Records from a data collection
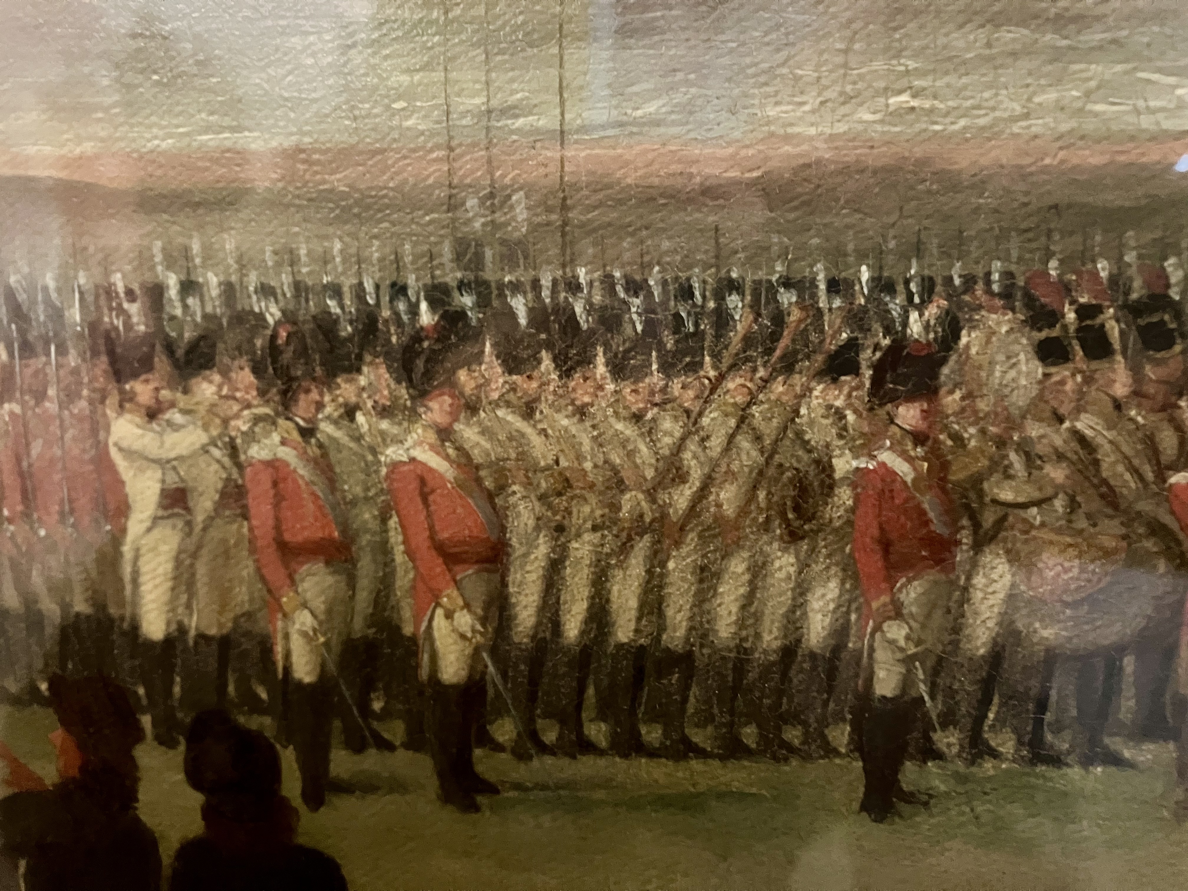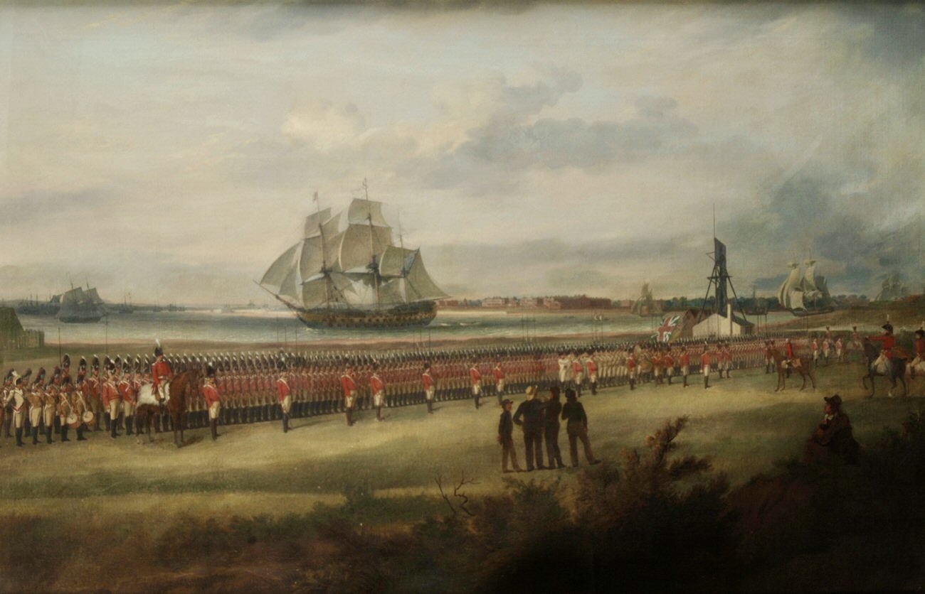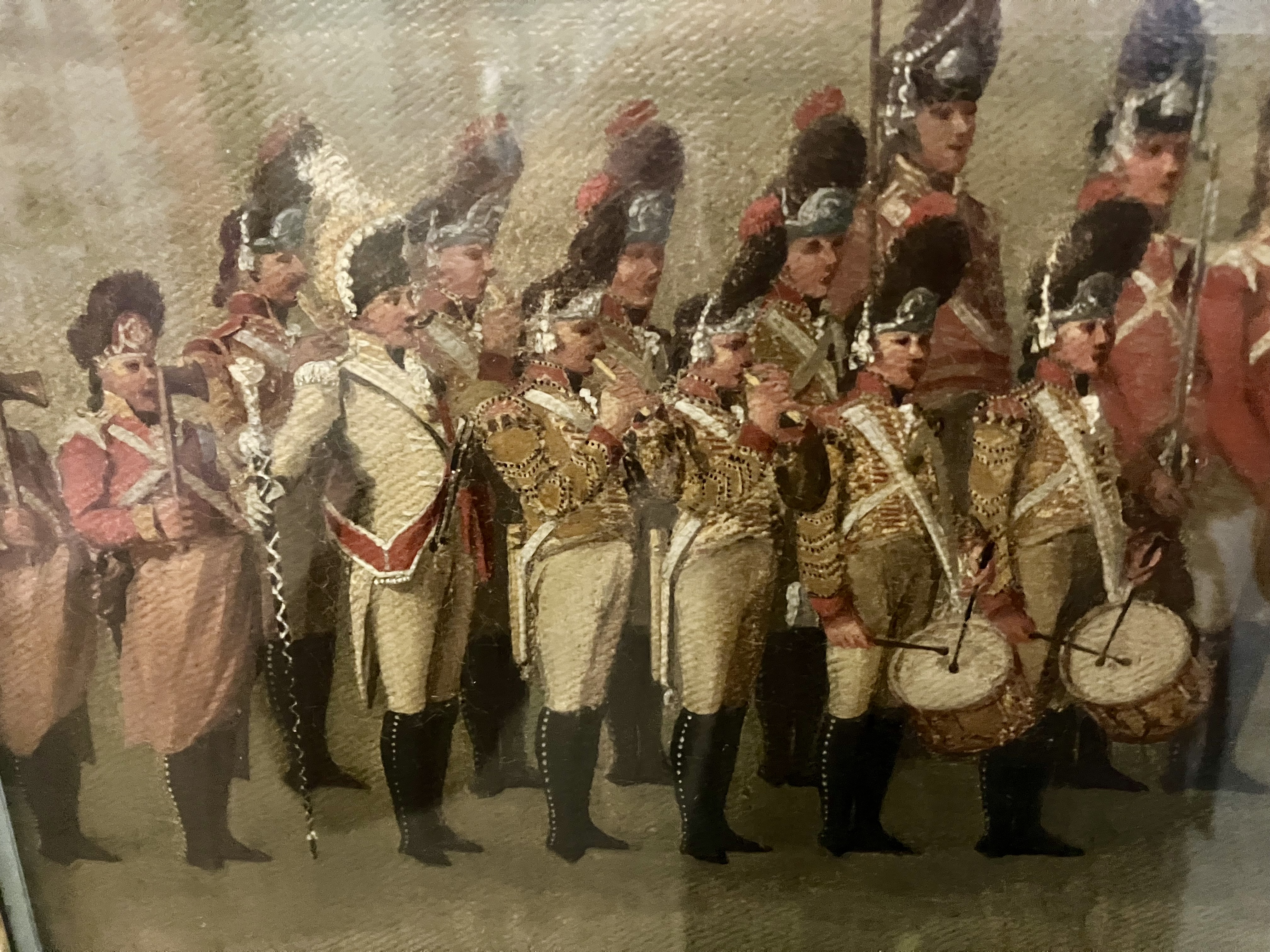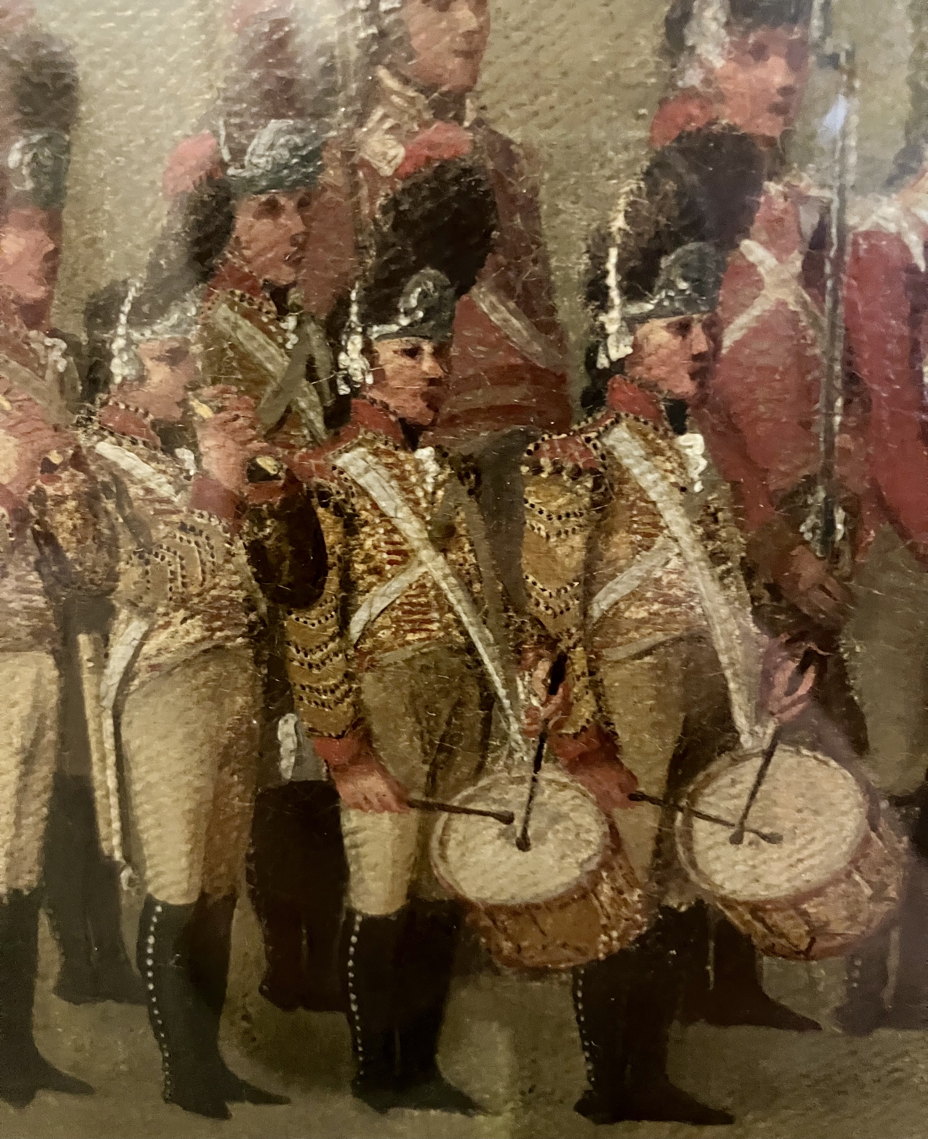 The Portsmouth Museum and Art Gallery is home to a fine depiction of a review of the Worcestershire Militia by Richard Livesay. The painting shows Major-General John Whitelocke, who later led a British army to ignominious defeat in South America, inspecting the corps on Southsea Common in October 1800 during the French Revolutionary War. A rare portrayal of an entire regiment drawn up in line, the artwork is of special interest to me on account of its detailed renderings of drummers and band musicians assembled on parade. Although the Reverend Percy Sumner published a brief description of the painting in the Journal of the Society for Army Historical Research in 1946, a recent visit to the museum gave me the opportunity to more closely inspect and photograph the canvas.
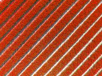 Rode tulpen op akkers in de Noordoospolder in Flevoland, Nederland, in het voorjaar van bovenaf gezien. De Noordoostpolder is een polder in de voormalige Zuiderzee, oorspronkelijk bedoeld om meer land voor de landbouw te creëren.
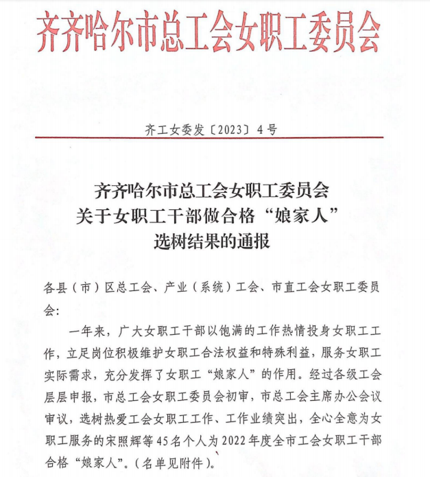 3月6日,齐齐哈尔市总工会女职工委员会发布了2022年度“关于女职工干部做合格‘娘家人’选树结果的通报”。学校工会组织委员张磊老师获得选树通报。
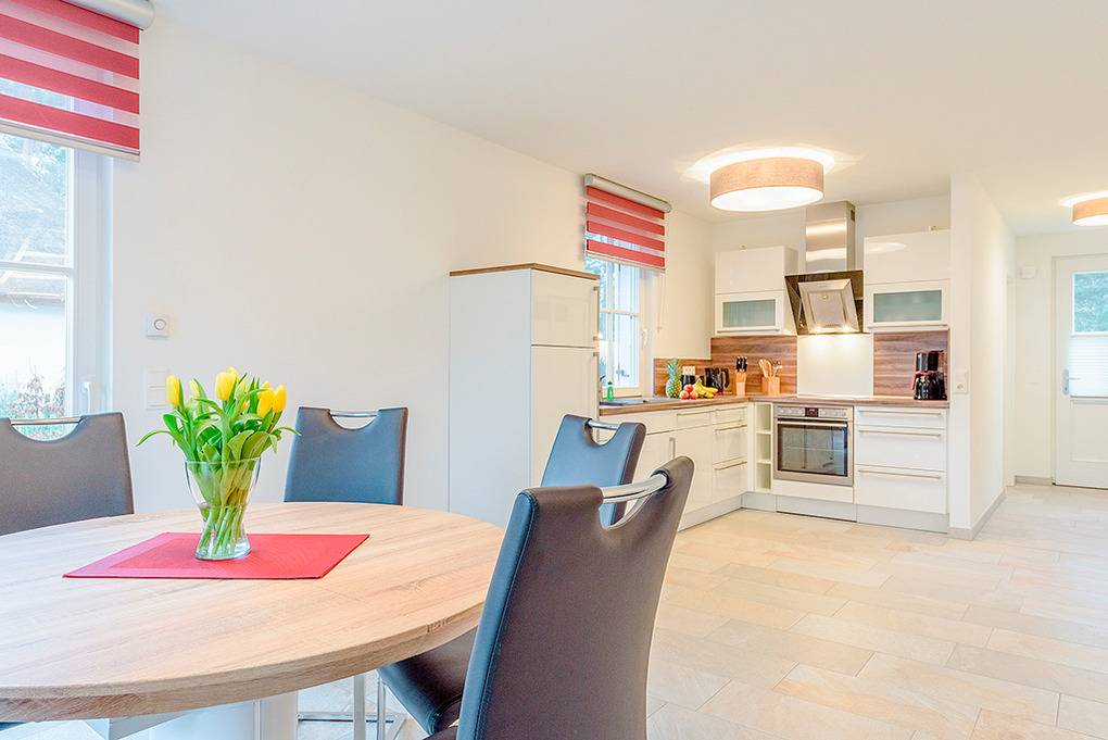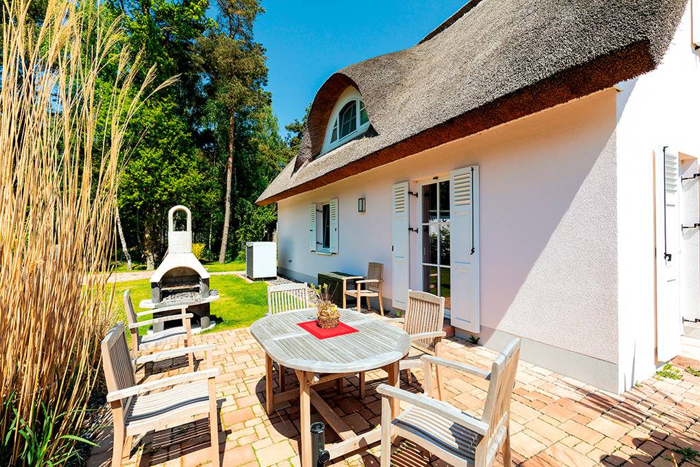 Haus: Komfortables Reetdachhaus mit Sauna und Kamin, 2016 neu erbaut. Nichtraucherhaus. Gehobene Ausstattung mit moderner, geschmackvoller Einrichtung. Kostenloser Internetzugang über W-Lan. Fußbodenheizung. Terrasse mit Sitzmöbeln, Aussengrillkamin. 2 Pkw-Stellplätze am Haus.
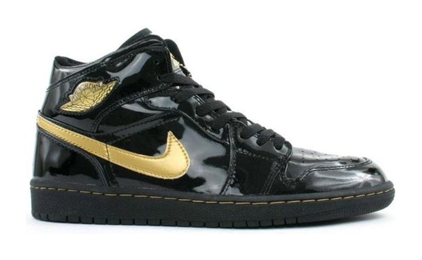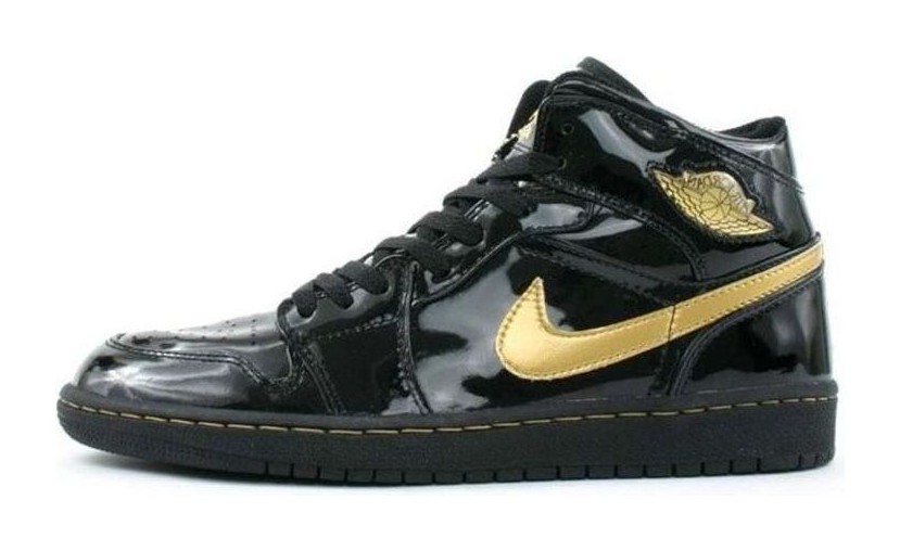 This sneaker is a retro release from 2003, distinguishing itself with an entirely Black patent leather upper, giving the classic Air Jordan 1 silhouette a sleek, glossy, and luxurious appearance. Metallic Gold accents are strategically used to create contrast and a premium feel. These gold hits appear on the Nike Swoosh, the Air Jordan "Wings" logo stamped on the collar, and the Jumpman branding on the tongue tag. The black midsole features subtle, contrasting gold stitching, and the shoe sits atop a black outsole. The combination of black patent leather and metallic gold is often associated with early, high-end Air Jordan releases.
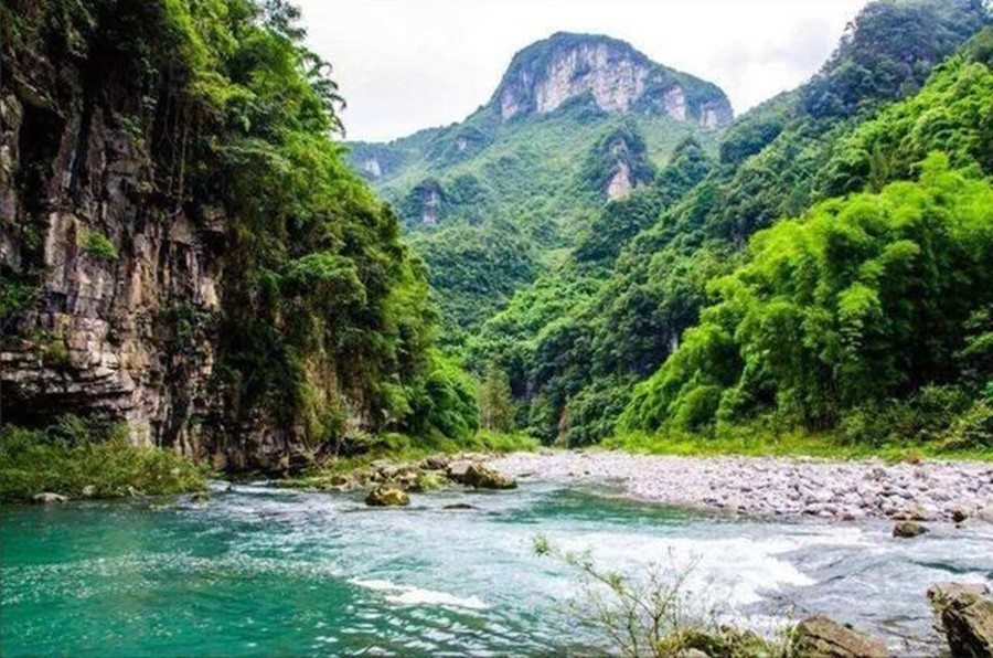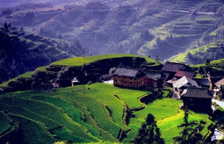身处其间,满眼是层层叠叠的山峦。顺着山间小路前行,一路野花点缀青草,不时有阵阵清风拂过,有青竹成林,随风发出沙沙的响声;林木茂盛,偶尔有粗壮的楠木树出现在林中,需要几人才能合抱;山泉流过,叮咚之间伴随着鸟儿鸣唱,奏出一段乐曲;阡陌交通,田垄织出了一块块格子形的花毯,陶渊明笔下的桃花源也就不过如此了!

**EXERCISE INSTRUCTIONS**. Give back all of the entries verbatim, but without pictures.

**RESULT BELOW**.
 The Portsmouth Museum and Art Gallery is home to a fine depiction of a review of the Worcestershire Militia by Richard Livesay. The painting shows Major-General John Whitelocke, who later led a British army to ignominious defeat in South America, inspecting the corps on Southsea Common in October 1800 during the French Revolutionary War. A rare portrayal of an entire regiment drawn up in line, the artwork is of special interest to me on account of its detailed renderings of drummers and band musicians assembled on parade. Although the Reverend Percy Sumner published a brief description of the painting in the Journal of the Society for Army Historical Research in 1946, a recent visit to the museum gave me the opportunity to more closely inspect and photograph the canvas.
 Rode tulpen op akkers in de Noordoospolder in Flevoland, Nederland, in het voorjaar van bovenaf gezien. De Noordoostpolder is een polder in de voormalige Zuiderzee, oorspronkelijk bedoeld om meer land voor de landbouw te creëren.
 3月6日,齐齐哈尔市总工会女职工委员会发布了2022年度“关于女职工干部做合格‘娘家人’选树结果的通报”。学校工会组织委员张磊老师获得选树通报。
 Haus: Komfortables Reetdachhaus mit Sauna und Kamin, 2016 neu erbaut. Nichtraucherhaus. Gehobene Ausstattung mit moderner, geschmackvoller Einrichtung. Kostenloser Internetzugang über W-Lan. Fußbodenheizung. Terrasse mit Sitzmöbeln, Aussengrillkamin. 2 Pkw-Stellplätze am Haus.
 This sneaker is a retro release from 2003, distinguishing itself with an entirely Black patent leather upper, giving the classic Air Jordan 1 silhouette a sleek, glossy, and luxurious appearance. Metallic Gold accents are strategically used to create contrast and a premium feel. These gold hits appear on the Nike Swoosh, the Air Jordan "Wings" logo stamped on the collar, and the Jumpman branding on the tongue tag. The black midsole features subtle, contrasting gold stitching, and the shoe sits atop a black outsole. The combination of black patent leather and metallic gold is often associated with early, high-end Air Jordan releases.
身处其间,满眼是层层叠叠的山峦。顺着山间小路前行,一路野花点缀青草,不时有阵阵清风拂过,有青竹成林,随风发出沙沙的响声;林木茂盛,偶尔有粗壮的楠木树出现在林中,需要几人才能合抱;山泉流过,叮咚之间伴随着鸟儿鸣唱,奏出一段乐曲;阡陌交通,田垄织出了一块块格子形的花毯,陶渊明笔下的桃花源也就不过如此了!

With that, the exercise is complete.